## [Task description]
A word-for-word retyping of the listing below is required, with the pictures dropped.

··· Dataset excerpt ···

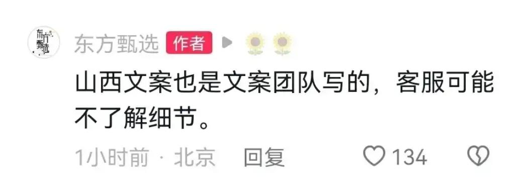 来自“字母榜”的截图和信息显示,东方甄选的小编继续回应说:“山西文案也是文案团队写的”!还称“俞老师天天在外飘,确实不知道业务细节。”
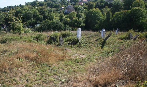 1. По периметру некрополя просматриваются следы мощных валов, никакого отношения к структуре кладбища не имеющих. В частности, между первой и второй их линиями хорошо просматривается ров (окоп), которым евреи традиционно окапывали свои кладбища — отсюда их украинское название «окопысько». Этот ров в разы уже и мельче старых рвов на территории самого кладбища.
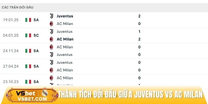 Thành tích đối đầu giữa Juventus vs AC Milan
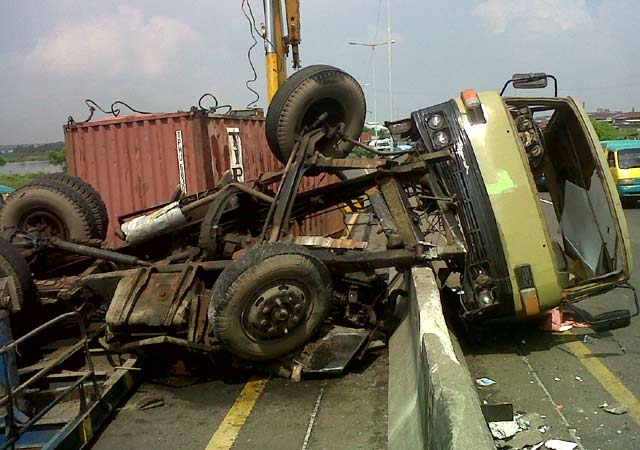 - Truk Trailer Terguling di Tol Dupak-Gresik

···

## [Result for this task]
 来自“字母榜”的截图和信息显示,东方甄选的小编继续回应说:“山西文案也是文案团队写的”!还称“俞老师天天在外飘,确实不知道业务细节。”
 1. По периметру некрополя просматриваются следы мощных валов, никакого отношения к структуре кладбища не имеющих. В частности, между первой и второй их линиями хорошо просматривается ров (окоп), которым евреи традиционно окапывали свои кладбища — отсюда их украинское название «окопысько». Этот ров в разы уже и мельче старых рвов на территории самого кладбища.
 Thành tích đối đầu giữa Juventus vs AC Milan
 - Truk Trailer Terguling di Tol Dupak-Gresik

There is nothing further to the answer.